Good review, thanks. Just got my first Grizzly tool and one of the reasons I went that way was all the good things I have heard about their Customer service.


----------



## cabinetmaster

I like Grizzly too for that reason and I've had no problem with any of their products either.


----------



## juniorjock

Grizzly provides good tools. And, if it's not right, they make it right. I've got the same dado set and use it a lot with good results. One thing, invest in a set of magnetic shims. Worth every penny. Sorry, almost forgot…... very good review.


----------



## HokieMojo

i wonder if you'd get smoother bottoms on a harder wood. it almost looks like these were tearing. I seem to get better cuts through denser more even grained woods.

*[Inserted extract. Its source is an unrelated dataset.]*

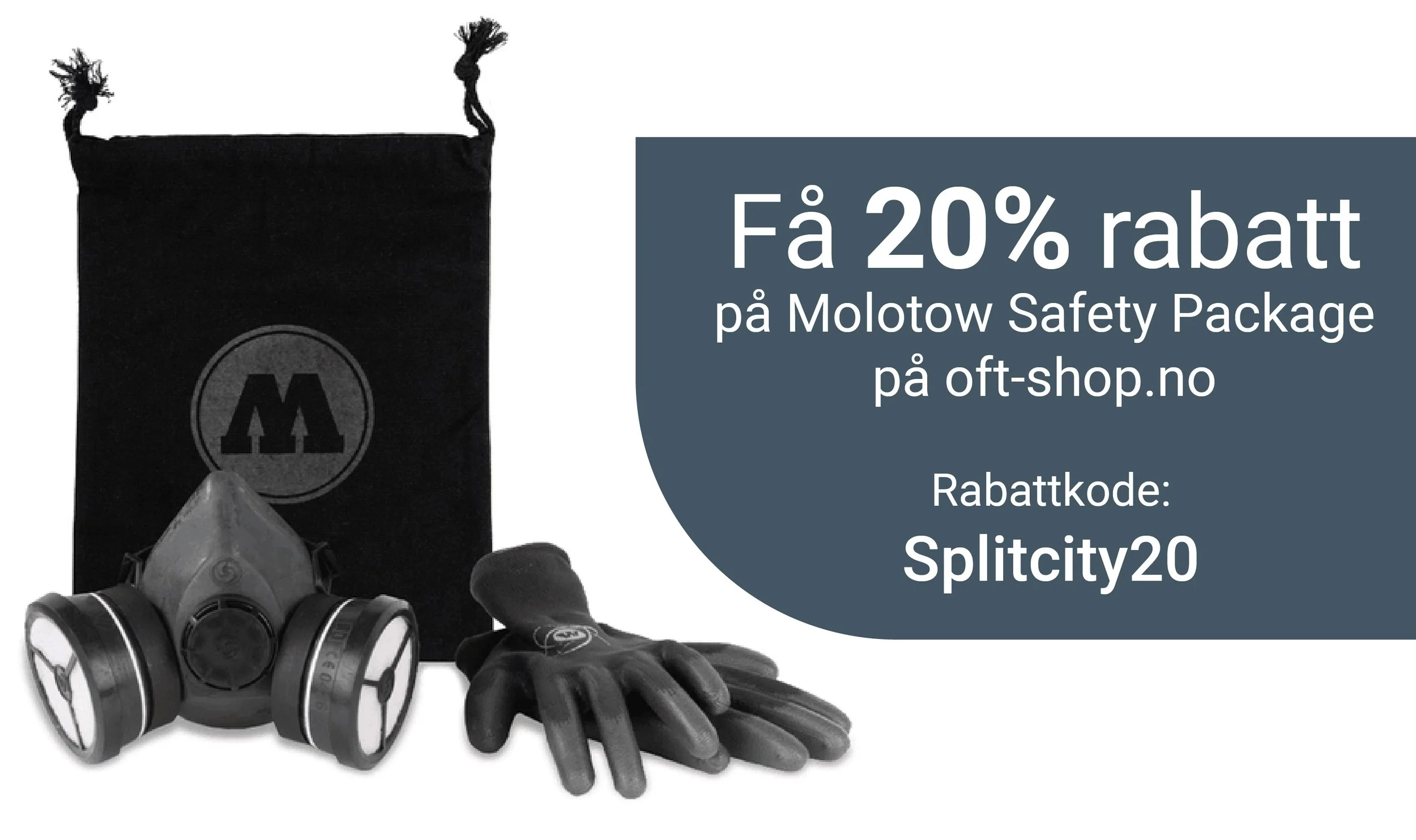 Bruk SplitCity rabattkoden: Splitcity20 i nettbutikken til Oslo Farge og Tusj og å få 20% avslag på Molotow Safety Pack som inneholder en A1-P1 vernemakse og et par hansker.

I have a freud set but being the genius that I am, I put the bladed on backwards, when makinga 0 clearance insert. I'm sure the heat caused when raising the blades into the insert damaged them pretty badly. I don't think any review I do now would be fair. They do seems to leave very flat bottoms though with no chipout (when I use a zero clearance insert and have the blades on right)


----------



## mark_h

I have this set also and agree with you that it is more than sufficient for anyone who isnt a professional woodworker. This is right in line with the rest of Grizzly's products in my opinion. Great value for the price and more than sufficient for the weekend woodworker but probably not what youd want to invest in if you wanted to do this for a living. Good set and well worth the money for a first set or the non professional.


----------



## a1Jim

I have had good service from Grizzly so called low end tools but only in cost, I wish I could say the same for Laguna tools supposedly High end tools.


----------



## mattg

I had a inexpensive dado cutter before I bought my Forrest 6" dado blade. I too was dissappointed with the cut. At that time I was planning on building the Highboy, and decided to just pull the trigger and get it. It was on sale from Amazon (like $60.00 off), so I didn't exactly feel raped, maybe just slightly abused!! It sure does cut perfectly flar bottom dadoes/rabbetts!!


----------



## thiel

I've had great experiences with Grizzly and am only now starting to remember that they make small tools too 

I have the "cheapo" Freud 8' dado, which has only 2 tipped chippers, and it's been great…. nice to hear that there are other low-cost options out there too!


----------



## DaveHerron

I have the same stacked dado set. Good value for the money. If I am cutting cross grain on plywood I always blue tape the cut. Seems to reduce the tear out. I haven't used any other brand so I don't have anything to compare against.


----------